In Germany and the EU, there is currently a debate about the use of income from CO2 pricing. Large sections of science are in favor of extensive redistribution of income from CO2 pricing to the population. In line with this, the coalition agreement contains a possible redistribution mechanism under the keyword “climate money”. In this way, the financial burdens resulting from CO2 pricing could be mitigated in a targeted manner or even avoided for those on low and medium incomes.

If CO2 were priced without any redistribution, the following would apply: people with lower and middle incomes pay less for CO2 in absolute terms (because they consume less) than people with high incomes – but are financially more heavily burdened in relation to their income. Those who live in an unrenovated house with a large living area to be heated and who have to travel long distances by car are particularly at risk.

With a view to the acceptance of CO2 pricing, a credible and transparent redistribution is of paramount importance: people will only support the instrument if CO2 pricing is not perceived as an additional tax but as a clever steering mechanism. This is likely to apply in particular to people in lower and middle income groups who are already finding it difficult to bear further burdens.

Redistributing the income in the form of a per capita flat rate would be an obvious option. Due to their low CO2 footprint, lower and some middle income groups would be relieved on average, only the higher income groups would be in a slightly worse net financial position than before – albeit to a reasonable extent. The SVRV survey also underlines that households in the upper income bracket have significantly more options and financial leeway to reduce their CO2 footprint through targeted investments, for example in an emission-neutral heating system, and thus avoid increasing CO2 pricing more quickly.
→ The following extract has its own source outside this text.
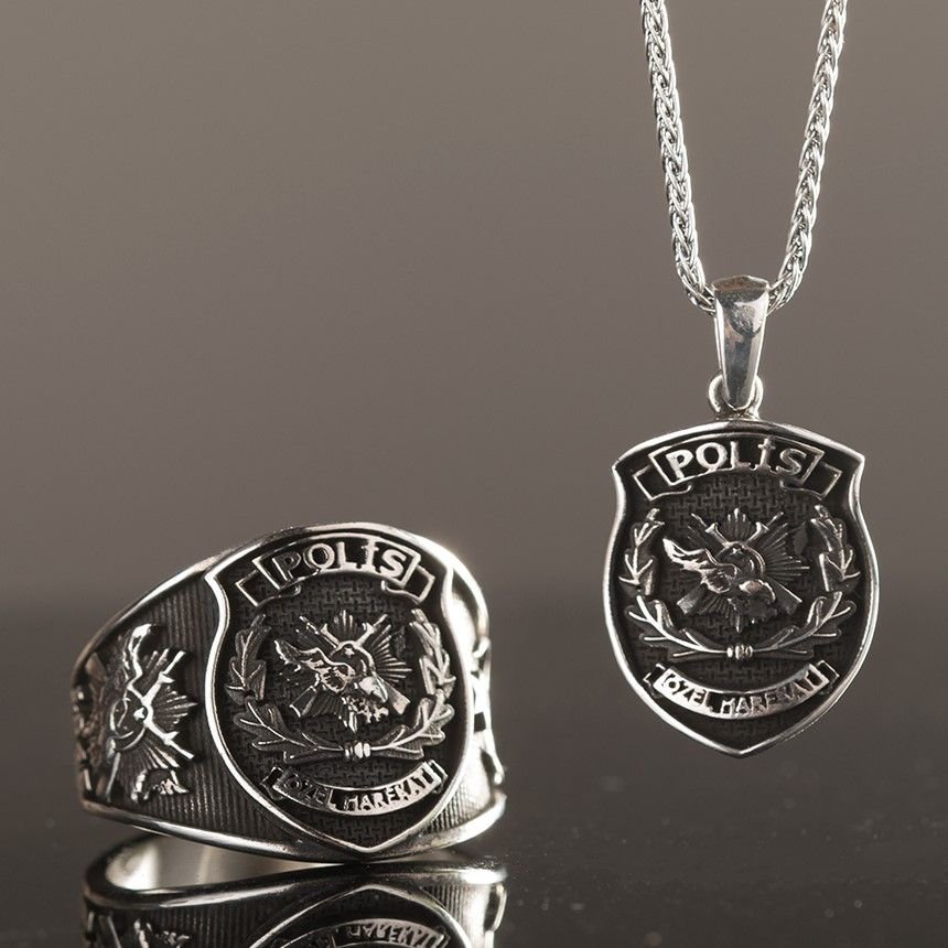Poh Polis Ozel Harekat 925 Ayar Gumus Erkek Yuzuk Ve Bileklik Kombini

In various scenarios, the SVRV therefore shows how the net relief for these consumers could be achieved not only on average, but also in almost all individual cases, by redistribution, particularly to lower income groups. One could, for example, subject the refund of income tax in order to relieve lower income groups more. In addition, if you then actively reduce your own CO2 emissions, you can increase your own net reduction in a targeted manner. For this reason, opportunities should be created at an early stage to avoid the costs of CO2 pricing by changing individual behavior and consumption, for example by expanding public transport.

Another current online survey of German consumers carried out for the SVRV shows that even after the attack on Ukraine and despite the current price increases for fossil fuels, around half of those surveyed are still open to CO2 pricing. In order to ensure effective climate protection in Germany and Europe, politicians should now do everything possible to anchor CO2 pricing in connection with a credible, transparent and sustainable redistribution mechanism and to communicate it proactively. There are good arguments that lower incomes should be given more consideration in redistribution. The important thing is that it must be credible, especially for this group, that the redistribution actually reaches them.